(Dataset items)
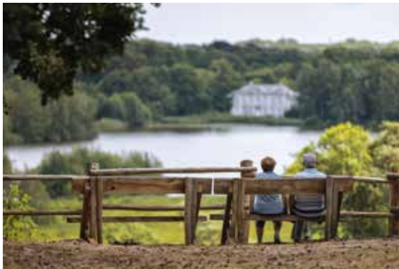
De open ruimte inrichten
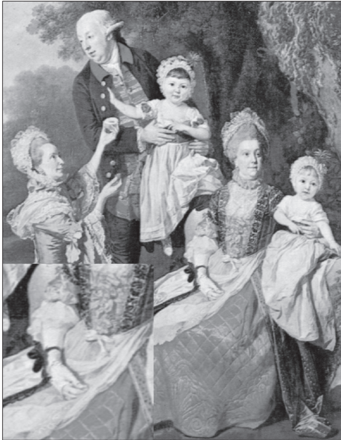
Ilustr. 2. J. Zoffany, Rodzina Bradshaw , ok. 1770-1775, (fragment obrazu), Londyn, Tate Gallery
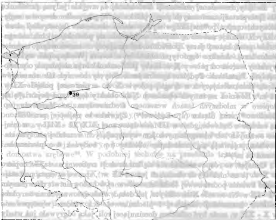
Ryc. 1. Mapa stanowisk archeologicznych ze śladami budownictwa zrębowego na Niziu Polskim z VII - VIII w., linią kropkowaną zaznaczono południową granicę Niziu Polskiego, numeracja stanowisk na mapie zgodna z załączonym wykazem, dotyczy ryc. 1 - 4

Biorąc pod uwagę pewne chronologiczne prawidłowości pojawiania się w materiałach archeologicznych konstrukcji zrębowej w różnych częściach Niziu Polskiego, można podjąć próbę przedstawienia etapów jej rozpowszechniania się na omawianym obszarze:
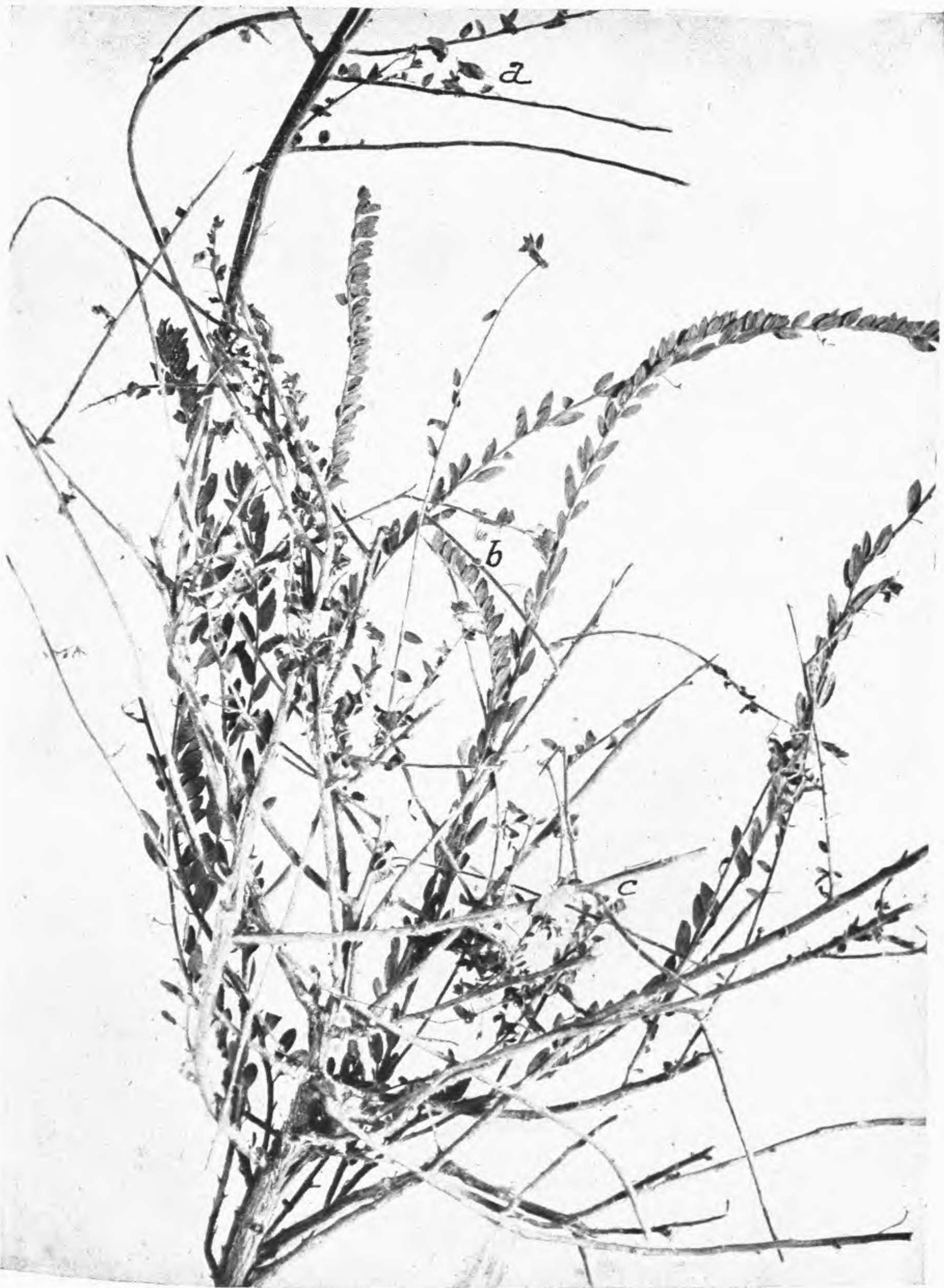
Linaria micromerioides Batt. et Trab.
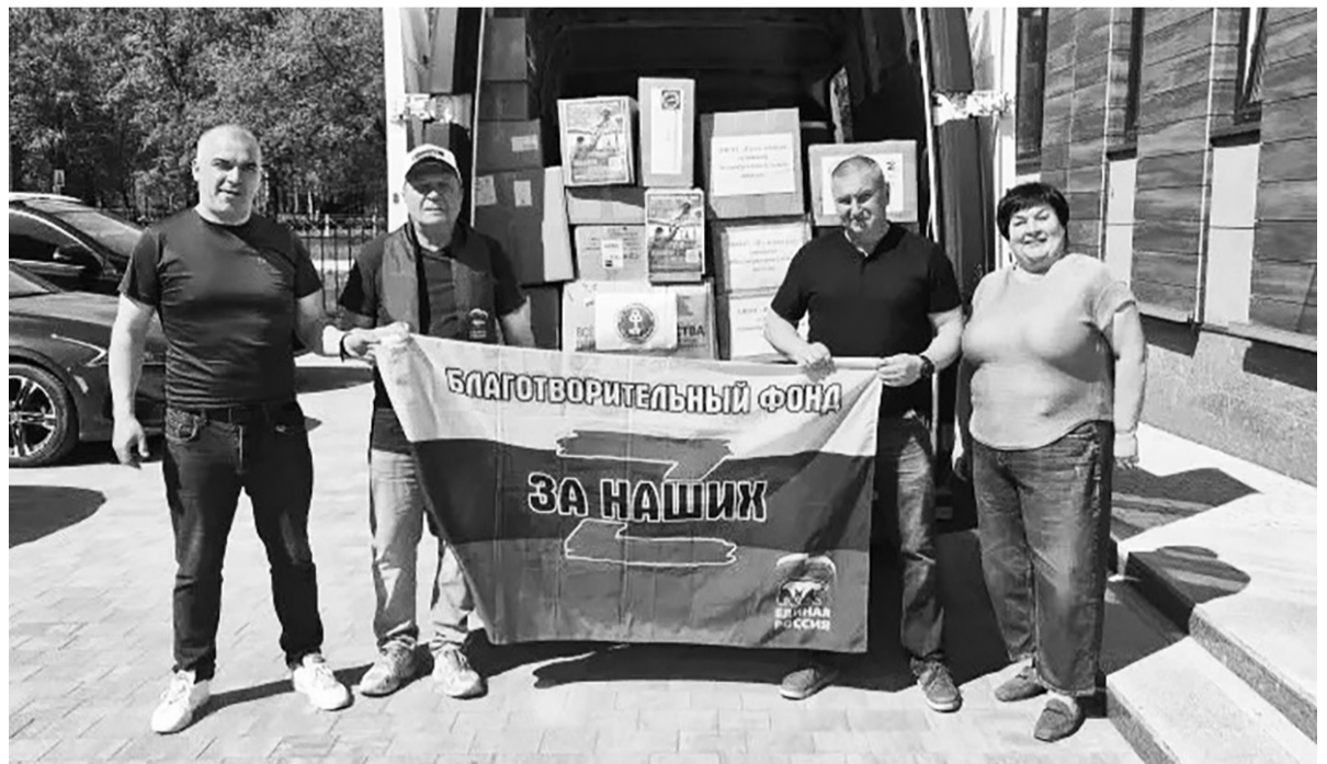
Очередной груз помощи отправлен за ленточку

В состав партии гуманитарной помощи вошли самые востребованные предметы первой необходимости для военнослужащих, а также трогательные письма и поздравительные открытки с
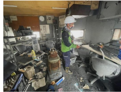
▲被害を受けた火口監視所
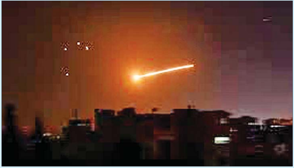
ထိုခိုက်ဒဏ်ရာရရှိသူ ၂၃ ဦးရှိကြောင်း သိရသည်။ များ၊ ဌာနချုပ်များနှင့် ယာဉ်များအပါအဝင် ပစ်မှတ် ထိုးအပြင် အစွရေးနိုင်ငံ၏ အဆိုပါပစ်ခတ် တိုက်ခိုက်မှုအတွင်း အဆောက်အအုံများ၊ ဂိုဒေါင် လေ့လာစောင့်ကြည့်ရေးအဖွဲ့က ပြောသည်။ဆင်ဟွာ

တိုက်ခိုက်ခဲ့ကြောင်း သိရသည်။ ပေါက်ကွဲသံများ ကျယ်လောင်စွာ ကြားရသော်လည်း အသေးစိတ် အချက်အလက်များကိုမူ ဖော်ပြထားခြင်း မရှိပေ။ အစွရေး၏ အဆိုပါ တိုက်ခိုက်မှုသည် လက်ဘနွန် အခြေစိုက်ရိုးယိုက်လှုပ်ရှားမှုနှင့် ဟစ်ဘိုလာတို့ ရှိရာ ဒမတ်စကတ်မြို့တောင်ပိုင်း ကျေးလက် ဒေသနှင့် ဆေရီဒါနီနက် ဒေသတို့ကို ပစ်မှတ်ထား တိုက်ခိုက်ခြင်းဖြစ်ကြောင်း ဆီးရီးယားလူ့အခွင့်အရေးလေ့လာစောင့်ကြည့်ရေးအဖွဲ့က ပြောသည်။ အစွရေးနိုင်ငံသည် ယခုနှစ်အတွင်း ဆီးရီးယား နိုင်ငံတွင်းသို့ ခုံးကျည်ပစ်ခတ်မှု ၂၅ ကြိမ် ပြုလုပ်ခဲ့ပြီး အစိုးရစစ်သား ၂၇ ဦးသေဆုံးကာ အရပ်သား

## ASSIGNMENT
Extract each line from the entries above that contains the string "Niziu".

## ANSWER FOR THE TASK
Ryc. 1. Mapa stanowisk archeologicznych ze śladami budownictwa zrębowego na Niziu Polskim z VII - VIII w., linią kropkowaną zaznaczono południową granicę Niziu Polskiego, numeracja stanowisk na mapie zgodna z załączonym wykazem, dotyczy ryc. 1 - 4
Biorąc pod uwagę pewne chronologiczne prawidłowości pojawiania się w materiałach archeologicznych konstrukcji zrębowej w różnych częściach Niziu Polskiego, można podjąć próbę przedstawienia etapów jej rozpowszechniania się na omawianym obszarze:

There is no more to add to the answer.